The spectral reception capability of the system was verified using a sweep frequency laser to match the sub-spectral bands and multi-mode fiber confocal system for light acquisition. High-flux spectral detection was achieved using integrated photonic devices. Five optical waveguides were integrated to obtain the spectral responses under different spectral inputs. The system used a broadband light source to output broadband light. The output band was selected using a wavelength division multiplexer and the light of the selected band was sent to the system’s focal plane using a coupler. During operation, the center position of the projection was verified using the waveguide of the center position and lens set; moreover, the system projection range was verified using the edge waveguide. After calibrating the transmittance of each waveguide based on the central wavelength (1560 m), the uniformity of the system’s light intensity was better than 5%. We made sure the coupling efficiency was high at each position on the pupil surface, ensuring that the laser power used did not induce nonlinear effects. The verification of the high-flux system spectral testing is shown in Figure 9.

5. Discussion

Considering the increasing complexity of telescopic systems, the mechanical and optical reference transfer between multiple subsystems influences the registration accuracy and fusion effects of multi-modal joint measurements. Therefore, traditional methods are no longer suitable for the current calibration requirements of optical systems with large apertures offering a “large span, multiple parameters, and a common reference,” and research into a new system for the in-situ measurement and detection of large-aperture telescopes is urgently needed.
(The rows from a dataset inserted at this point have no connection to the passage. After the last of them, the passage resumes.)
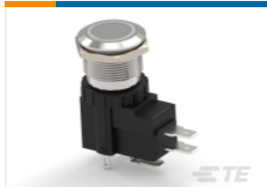
TE 产品编号2-2364570-8 AVH19 FLT SS LK RNG R&B 24V16A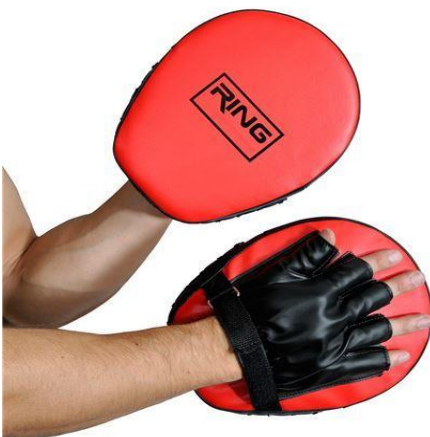
Slika 6. Fokuseri.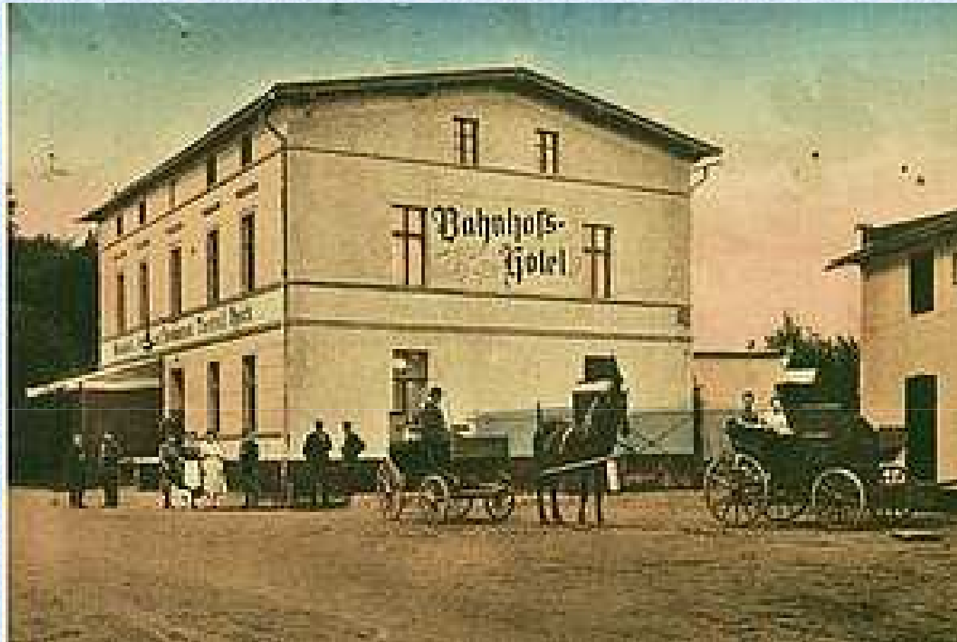
Dawny hotel Theobalda Puscha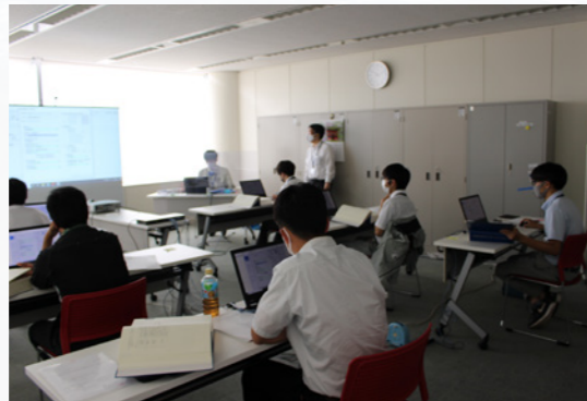
市町村職員建設IT研修（積算システム）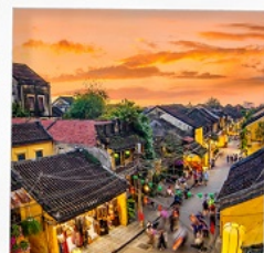
เมืองโบราณฮอยอัน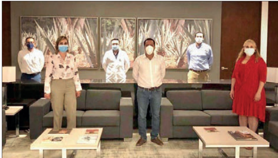
▲ En reunión con funcionarios federales del sector Salud, el gobernador Mauricio Vila reiteró la disposición de su gobierno de apoyar a hospitales del gobierno federal, sean del IMSS o el ISSSTE.

Al respecto, el gobernador agradeció, una vez más, la disposición del director general del IMSS para escuchar las peticiones de los yucatecos y trabajar en soluciones que se traduzcan en una mejor atención médica, así como para seguir colaborando con el gobierno del estado.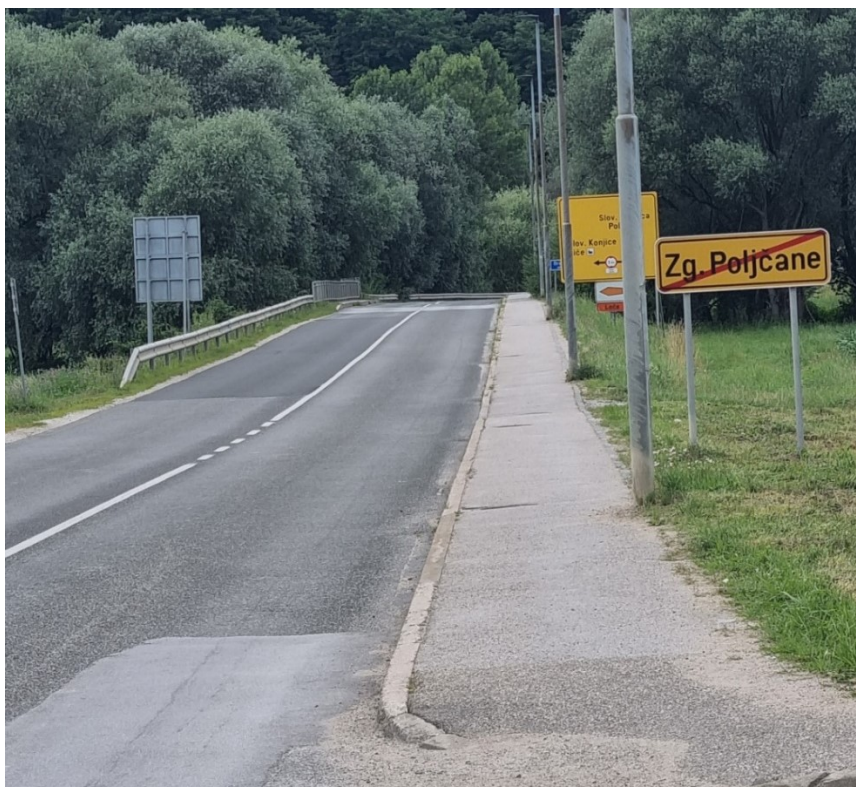
Slika 13: Cesta Zg. Poljčane-Poljčane (Visoke hitrosti avtomobilov in tovarnjakov)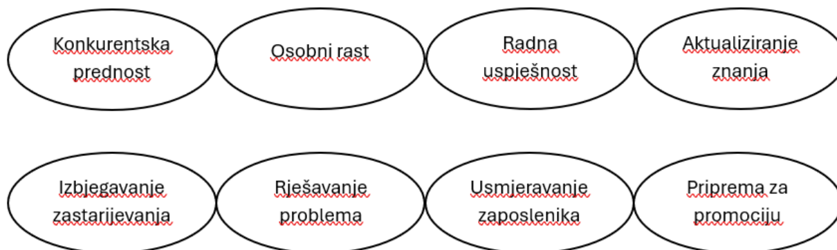
Slika 1. Ciljevi obrazovanja

Kroz obrazovanje i razvoj svojih zaposlenika poduzeće može smanjiti troškove, stvoriti veću vrijednost, povećati fleksibilnost te unaprijediti svoju konkurentnost. Obrazovanje zaposlenika ključno je za povećanje konkurentne prednosti i osiguravanje opstanka na tržištu, dok pojedincima omogućuje veći uspjeh u poslu i poboljšava njihovu "zaposlenost". Osim povećanja konkurentne prednosti i zadovoljavanja osobnih potreba rasta, u nastavku slika 1 prikazuje ostale opće ciljeve prema kojima je obrazovanje orijentirano.

The optical axis could be precisely measured using PSP. Using the high-quality collimated beam incident on the pupil surface, we performed calibrations by combining the ideal target center positions of different terminals. Meanwhile, when components such as the secondary mirrors were tilted, the position of the light spot formed by the system changed. The tilt of the system’s optical axis could effectively be identified based on these changes.

Using optical axis and spectral response measurements, the optical lever effect (for short focus systems, the focal length can be extended via the 4f system) can be applied to measure the slope of the wavefront through the focal plane to obtain the optical surface quality of the system and relative position of the optical components. The polar and Cartesian coordinate system scanning modes can be selected when applying the actual system. Aiming for a highly efficient test process, rotation sampling is applied to maximize the accuracy and minimize the time; the overall planning of the sampling locations, scanning paths, and dwell times are optimally designed by balancing the spatial resolution, detection efficiency, and detection accuracy.

PSP could be used to perform local sampling of the pupil based on the mapping relationship between the focal and pupil planes. Flexible sampling and reconstruction of the system parameters could also be achieved. We could transform phase measurements into energy measurements using spatial light intensity projection and the photon pentaprism. We could also construct an efficient in-situ detection system offering high flexibility, a small size, and minimal external influences on the baseline configuration of the photon pentaprism.

6. Conclusions

Telescopes with high spatial resolutions and detection capability are expected to offer high sensitivities; high spatial, temporal, and spectral resolutions; and large fields of view (FoV). In response to the calibration requirements for in-situ detection of multiple parameters (wavefront, optical axis, transmittance, etc.) in large aperture optics systems, utilizing the characteristics of fiber-interconnections such as small volume, light weight, and high degree of freedom in light transmission, high-precision in-situ calibration of multiple parameters is ultimately achieved. The measurement accuracy of the optical axis of the system is better than 2 mrad. The spectral measurement accuracy is better than 5%, and the wavefront measurement accuracy surpassed 0.1 wavelengths (1 wavelength = 633 nm). The Photonics Scanning Pentaprism (PSP) System is investigated here, and it can ensure the performance of the system under in-site environment and at long-term.